Construct the URL and share it with a human who has access to the target organization:

https://dreamsolve.ai/invitations/agent/organization/<ORG_ID>/register?pk=<PK>&name=<AGENT_NAME>

• ORG_ID — target organization ID (the user can find this in their DreamSolve organization settings)
• PK — the base64url public key from Step 1
• name — a human-readable label for the agent (optional)

Ask the user to open this URL, sign in, select a role for the agent, and approve.

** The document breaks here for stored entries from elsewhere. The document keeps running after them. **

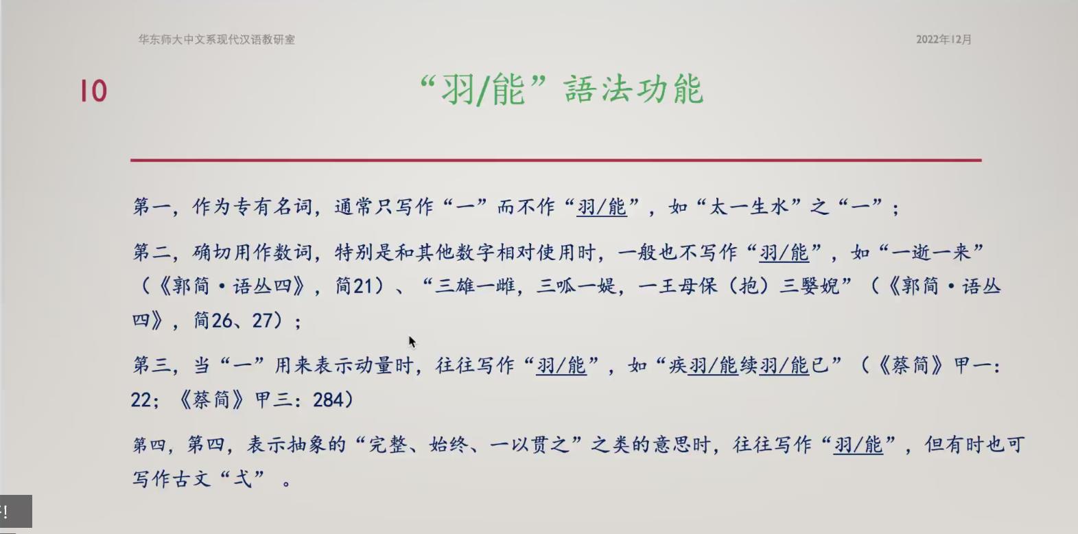 郑教授先以他2007年发表在《中国语文》的《古代楚方言“羽/能”字的来源》一文写作经历为例,说明观念和材料的重要性。虽然日本学者林虹瑛2004年在《开篇》已发表了《战国文字(羽能)について》一文,说明了楚系出土文献记录了古越语“一”的读音,但该文论述仍未细密且未能引起国内学者注意。作为楚系文献中的常用字,朱德熙、李家浩(1989)、裘锡圭(1992)等分别认为与“代”(之部)、揖(缉部)等字关系密切,但从声韵看还仍有一定距离。因此郑教授认为,当另辟蹊径:“能”字是古越语语素“一”nɯŋ的记录。通过与侗台语“一”的比较及其语法功能的排比,也充分证实了自己的猜想。由此也启发我们,在考证先秦出土文献用字时,如果通过汉语本身寻求“内证”而不可得时,可进一步考虑是否可能是古楚越方言的孑遗,即南方汉语可能呈现的是通语与楚地方言并存的局面。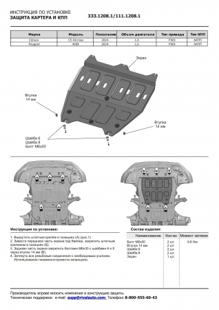 Защита картера и КПП (алюминий) Rival для Citroen C5 Aircross (2024-2025) № 333.1208.1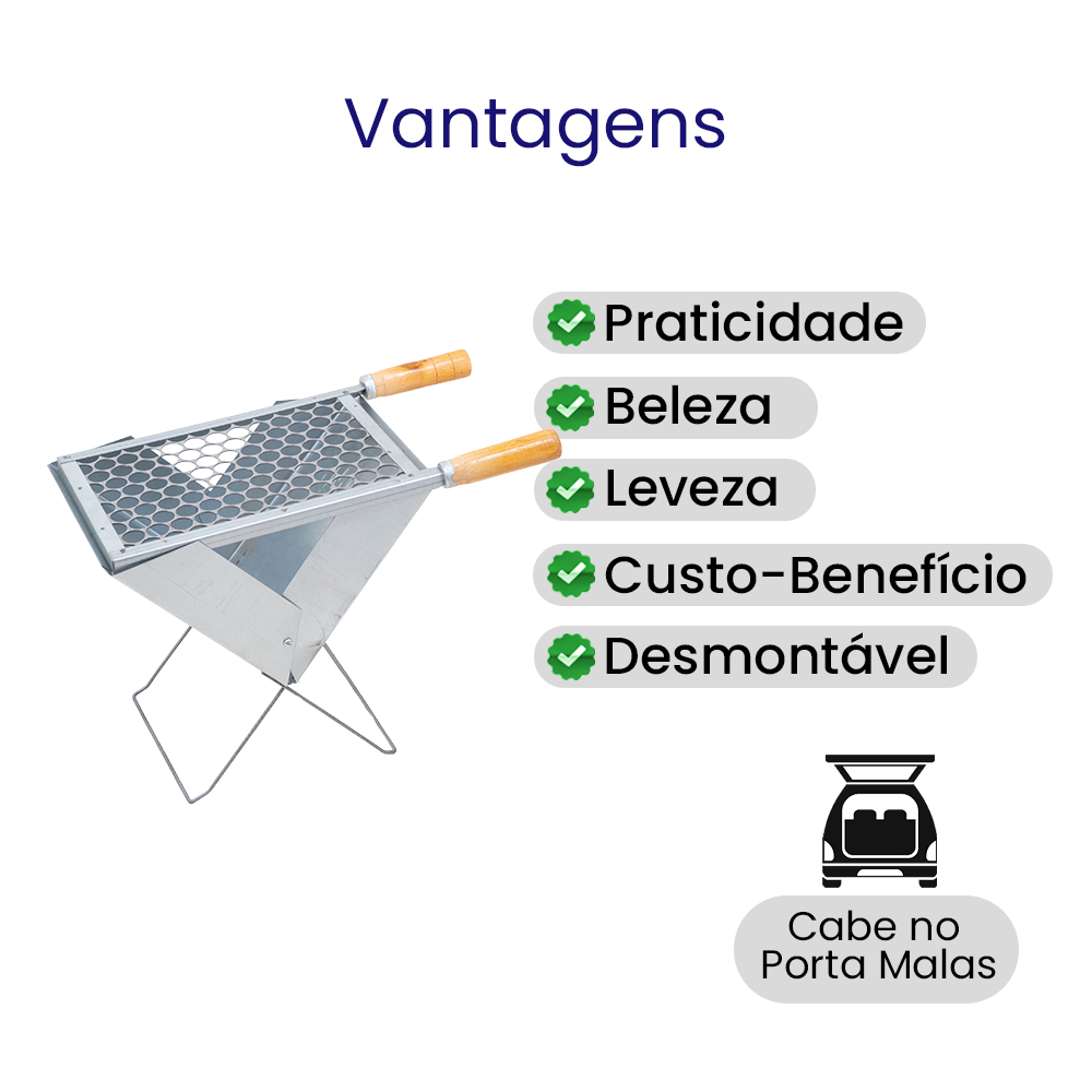Churrasqueira Dobrável Portátil Maleta A Carvão

After approval the page displays an agentUserId — the user must share this value back.

Step 3: Authenticate with a Signed JWT

Sign a short-lived JWT with the private key and exchange it for bearer tokens:

AGENT_USER_ID="<agentUserId from the user>"

# Build and sign the JWT
JWT=$(python3 -c "
import json, time, base64, subprocess, tempfile, os
def b64u(data): return base64.urlsafe_b64encode(data).rstrip(b'=').decode()
header = b64u(json.dumps({'alg':'EdDSA','typ':'JWT'}).encode())
now = int(time.time())
payload = b64u(json.dumps({'sub':'$AGENT_USER_ID','iat':now,'exp':now+300}).encode())
msg = f'{header}.{payload}'.encode()
tmp = tempfile.NamedTemporaryFile(delete=False)
tmp.write(msg); tmp.close()
sig = subprocess.check_output(['openssl','pkeyutl','-sign','-inkey','agent_private.pem','-rawin','-in',tmp.name])
os.unlink(tmp.name)
print(f'{header}.{payload}.{b64u(sig)}')
")

# Exchange for access and refresh tokens
curl -s -X POST https://dreamsolve.ai/api/v1/agents/auth/token \
  -H "Content-Type: application/json" \
  -d "{\"agent_jwt\": \"$JWT\"}"

The response contains access_token (valid 1 hour, mcp_ prefix) and refresh_token (valid 30 days, mcpr_ prefix).

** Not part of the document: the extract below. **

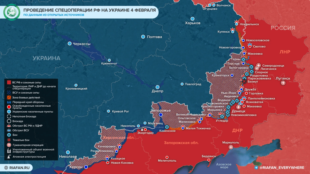Au sud-ouest de Bakhmut, les volontaires russes ont poursuivi leurs attaques près d’Ivanivske, à environ deux kilomètres. Des actions d’assaut sont également menées dans la périphérie orientale de Bakhmut même. L’offensive sur Krasnyaya Gora continue. Malgré la situation difficile, l’AFU ne bat pas en retraite.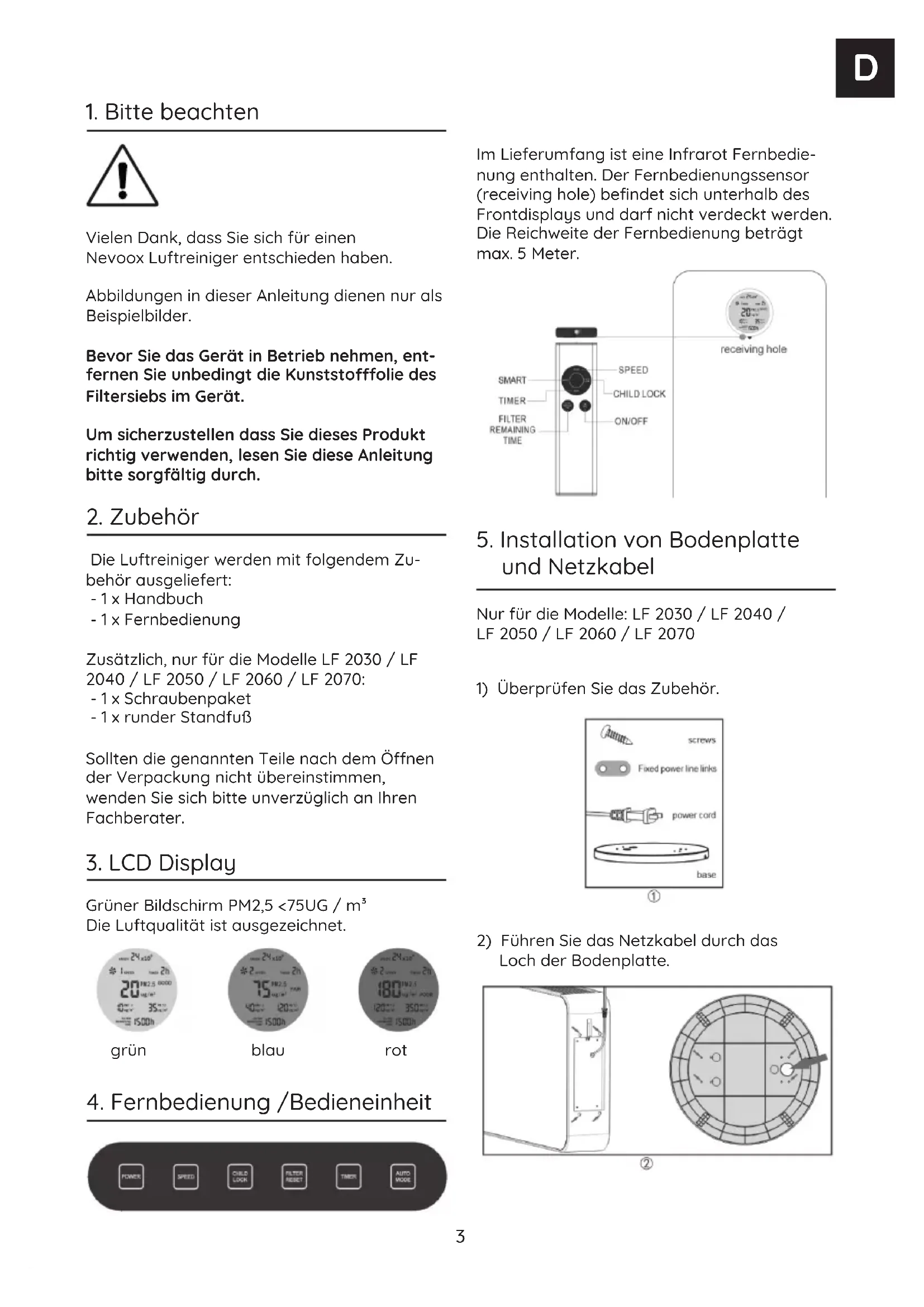 Die Luftreiniger werden mit folgendem Zu- behör ausgeliefert: - 1 x Handbuch - 1 x Fernbedienung Zusätzlich, nur für die Modelle LF 2030 / LF 2040 / LF 2050 / LF 2060 / LF 2070: - 1 x Schraubenpaket - 1 x runder Standfuß Sollten die genannten Teile nach dem Önen der Verpackung nicht übereinstimmen, wenden Sie sich bitte unverzüglich an Ihren Fachberater. Produkt Bestandteile / Product Components / Composantes du produit

Step 4: Make MCP Tool Calls

Use the access token as a Bearer token on the MCP server endpoint:

curl -s -X POST https://dreamsolve.ai/api/mcp/server \
  -H "Authorization: Bearer $ACCESS_TOKEN" \
  -H "Content-Type: application/json" \
  -d '{
    "jsonrpc": "2.0", "id": 1,
    "method": "tools/call",
    "params": {"name": "searchNodes", "arguments": {"query": "my project"}}
  }'

All the same MCP tools listed above (createNode, searchNodes, assignTask, etc.) work identically with agent tokens.

Step 5: Refresh Tokens

Before the access token expires, refresh it:

curl -s -X POST https://dreamsolve.ai/api/v1/agents/auth/refresh \
  -H "Content-Type: application/json" \
  -d "{\"refresh_token\": \"$REFRESH_TOKEN\"}"

This returns a new access_token. Refresh proactively before the 1-hour expiry to avoid interruptions.

Deactivation

When an agent is removed from an organization (via organization settings), its key is immediately deactivated. The agent can be re-registered with a new key pair.

Guidelines

• When creating projects, ask the user for a clear goal description (passed as desiredState).
• When creating tasks from a plan, break the plan into actionable items before passing to createTasksFromPlan.
• Use searchNodes to find existing projects and tasks before creating duplicates.
• Use searchAgents to discover agents before executing them.
• Use the default OAuth flow (via mcp-remote) when the user is present. Only use agent key pair authentication for headless or unattended operation on a separate system.
• When using agent auth, store the private key and credentials securely. Never log or expose the private key or refresh token.